Here's a bug someone filed that hasn't even so much as gotten a response after
nearly eight months:

[https://github.com/zim-desktop-wiki/zim-desktop-
wiki/issues/...](https://github.com/zim-desktop-wiki/zim-desktop-
wiki/issues/954)

------
stippenplan
I adopted vim-wiki a little while ago and have really appreciated its
functionality. I like that all files are plain text and located in a single
folder. It is easy to reach from anywhere in vim, providing simple means to
quickly make a note of todo/diary items during work.

Also, I greatly enjoy that it allows for making local references in between
your wiki files. A simple link towards another wiki- or diary-entry allows you
to jump to that note.
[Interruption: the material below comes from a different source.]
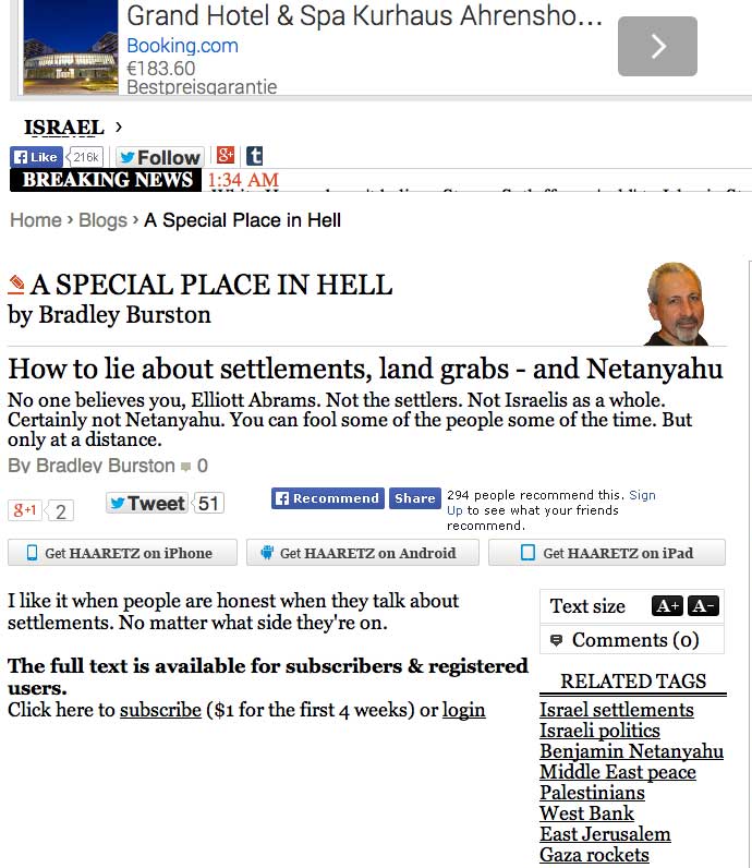 Niemand glaubt dir, Elliott Abrams. Nicht die Siedler. Israel nicht als Ganzes. Sicherlich nicht Netanjahu. Sie können einige der Leute einige Zeit zum Narren halten. Aber nur in einem Abstand.

It is not only nice for navigation, but also to explore
connections between your thoughts. To understand those connections better, I
create a simple script (vimwikigraph [0]) to draw these connections using the
DOT language [1].

In that way it is similar to Roam [2] I think, although I have not used it
myself.

[0]
[https://github.com/maxvdkolk/vimwikigraph](https://github.com/maxvdkolk/vimwikigraph)

[1]
[https://graphviz.gitlab.io/_pages/doc/info/lang.html](https://graphviz.gitlab.io/_pages/doc/info/lang.html)

[2] [https://roamresearch.com/](https://roamresearch.com/)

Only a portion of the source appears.